*What you are asked to do:*
With pictures excluded, give again exactly the lines running from the one holding "- За да създадете" through the end of the listing below.

####

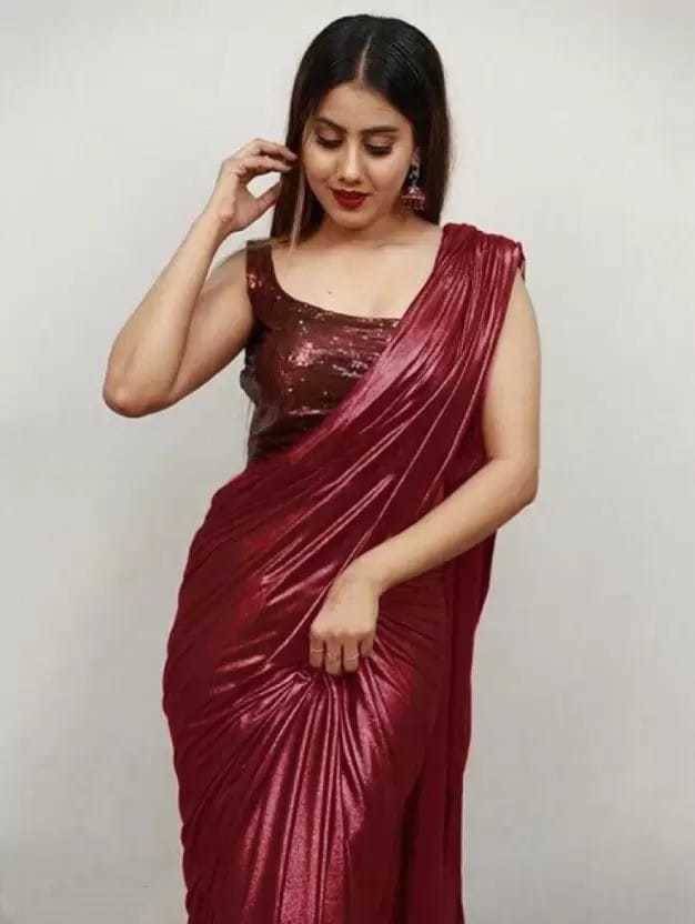 fiorrifab Solid/Plain Bollywood Lycra Blend Saree (Maroon)
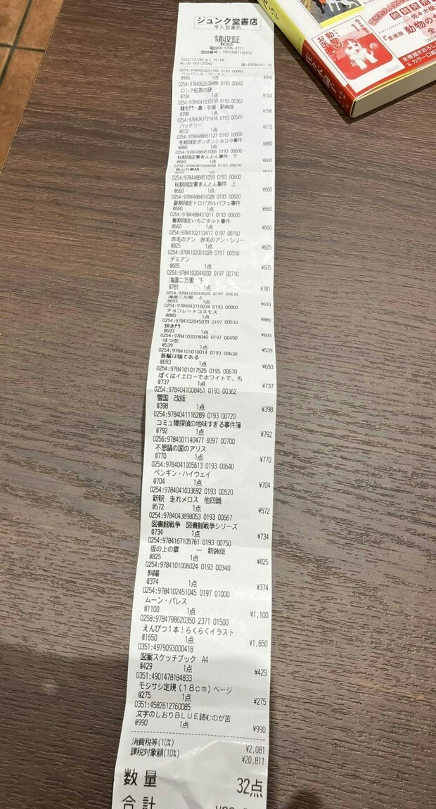 ズラーッと長いレシート。これは一体何を買ったのかと思いきや、すべて本。読書好きな娘さんなのですね。
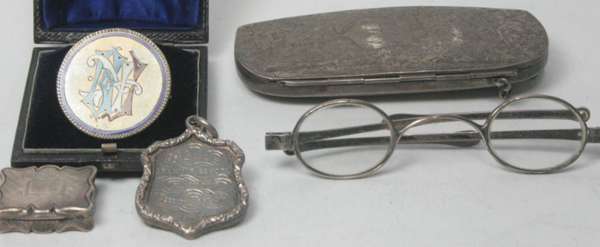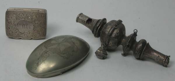 various snuff boxes, vinaigrettes, badges; a Victorian children's rattle and a silver spectacle case (qty)
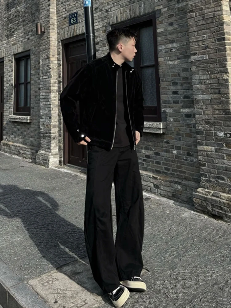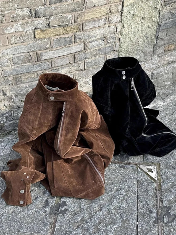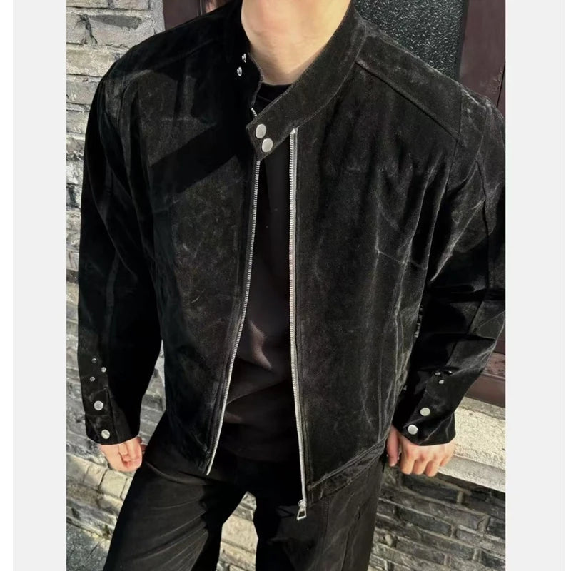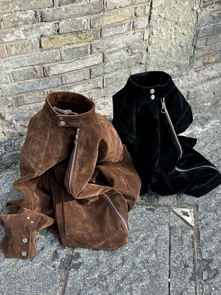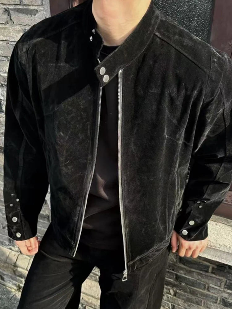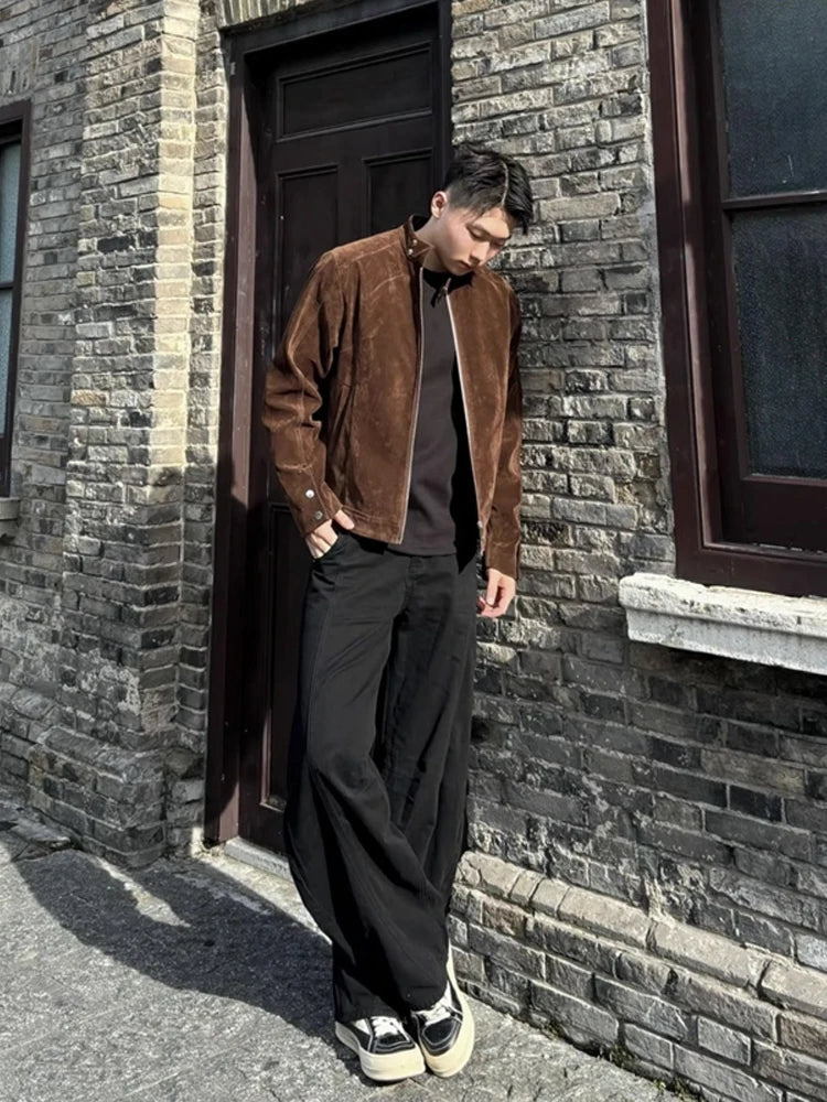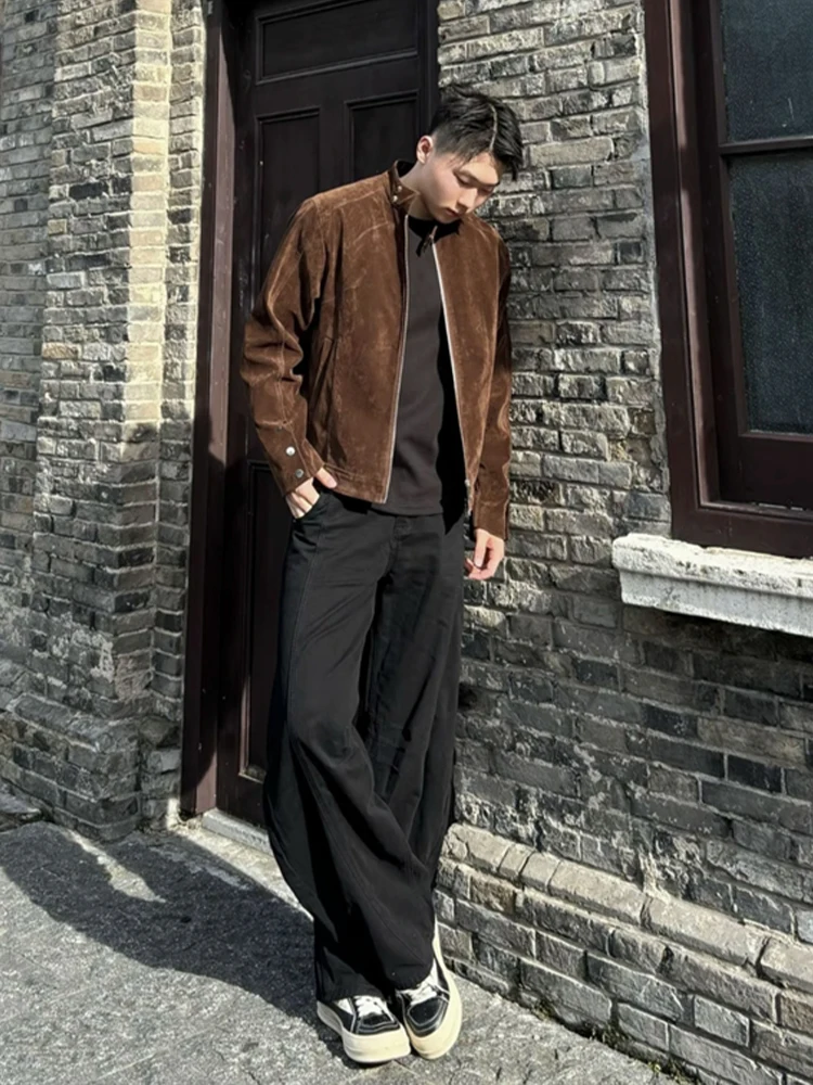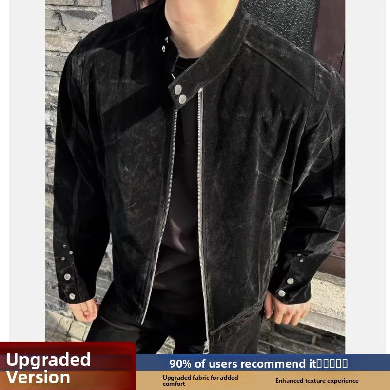 AIDASE - Caramel American Retro Stand Collar Jaet Men's ort Design Sense Vintage Sle High-End Feel Outerwear Autumn Season
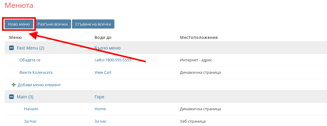 - За да създадете ново меню натиснете бутона “Ново меню”.
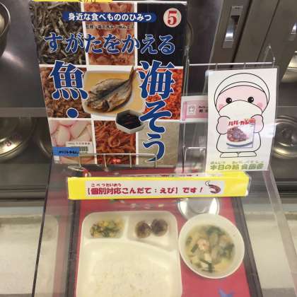 写真中央は、本日の献立サンプルと、給食図書です。本日の給食図書は「すがたをかえる 魚 海そう」でした。かつおぶしやかまぼこ、ツナ等、魚や海そうが加工食品になる様子が載っている図書でした。
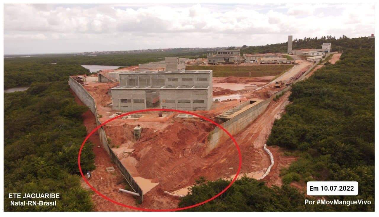 A Estação de Tratamento de Esgoto Jaguaribe, ainda em obra, que atenderá a zona norte de Natal, teve seu projeto de drenagem subdimensionado e não suportou as chuvas fortes, entrando em colapso.
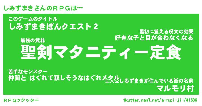 | 男性向けラノベタイトル風あだ名 | 『しみずまきの憂鬱』 |
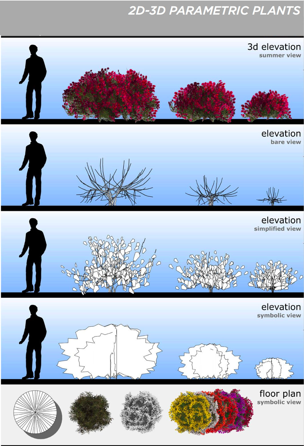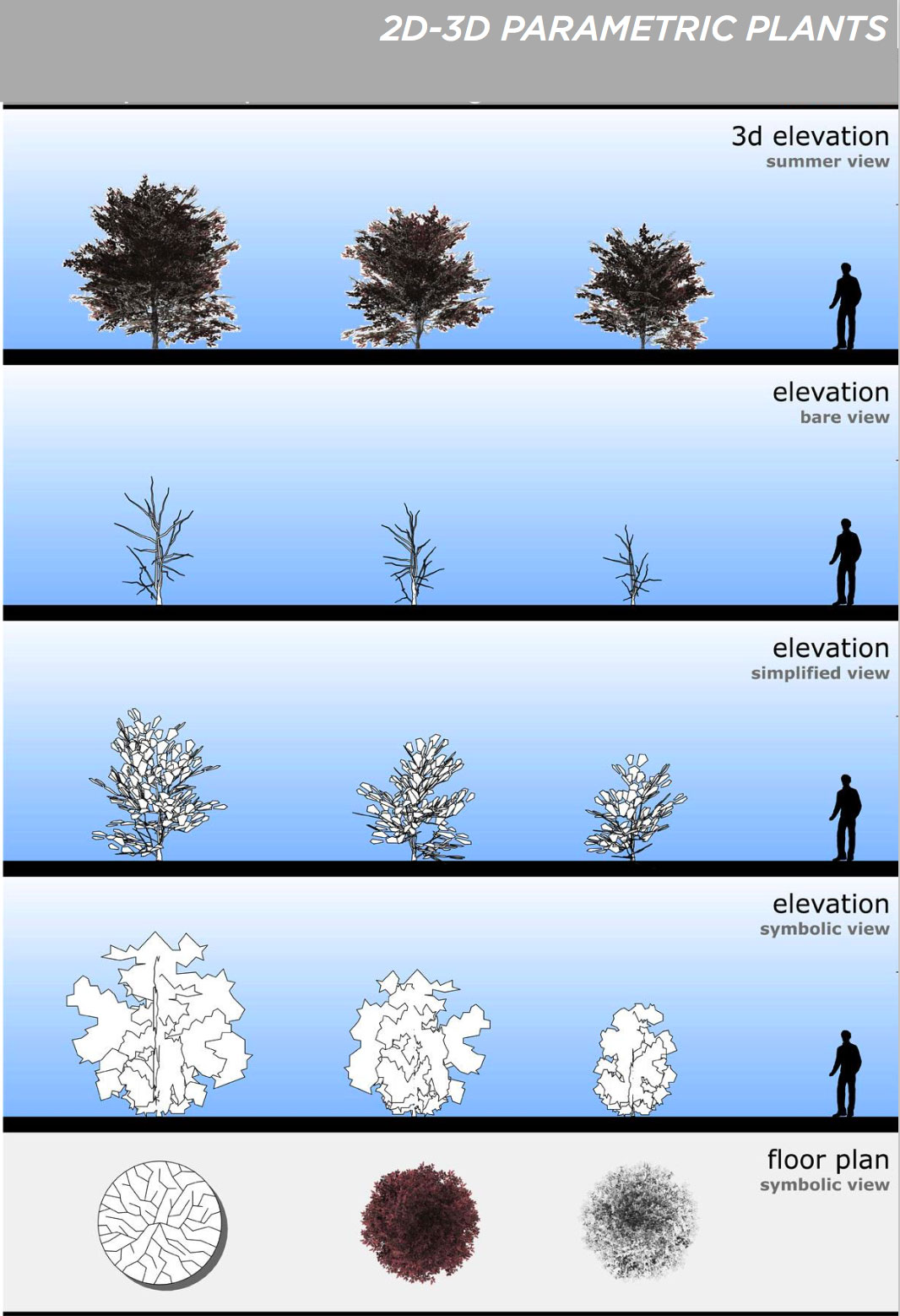 Option available:- Real growing factor- Symbolic view in elevation - 2d symbol shadow- 2d realistic symbol- 3d detail level- Wind option in movies- Season (no evergreen)

####

*Written response:*
 - За да създадете ново меню натиснете бутона “Ново меню”.
 写真中央は、本日の献立サンプルと、給食図書です。本日の給食図書は「すがたをかえる 魚 海そう」でした。かつおぶしやかまぼこ、ツナ等、魚や海そうが加工食品になる様子が載っている図書でした。
 A Estação de Tratamento de Esgoto Jaguaribe, ainda em obra, que atenderá a zona norte de Natal, teve seu projeto de drenagem subdimensionado e não suportou as chuvas fortes, entrando em colapso.
 | 男性向けラノベタイトル風あだ名 | 『しみずまきの憂鬱』 |
 Option available:- Real growing factor- Symbolic view in elevation - 2d symbol shadow- 2d realistic symbol- 3d detail level- Wind option in movies- Season (no evergreen)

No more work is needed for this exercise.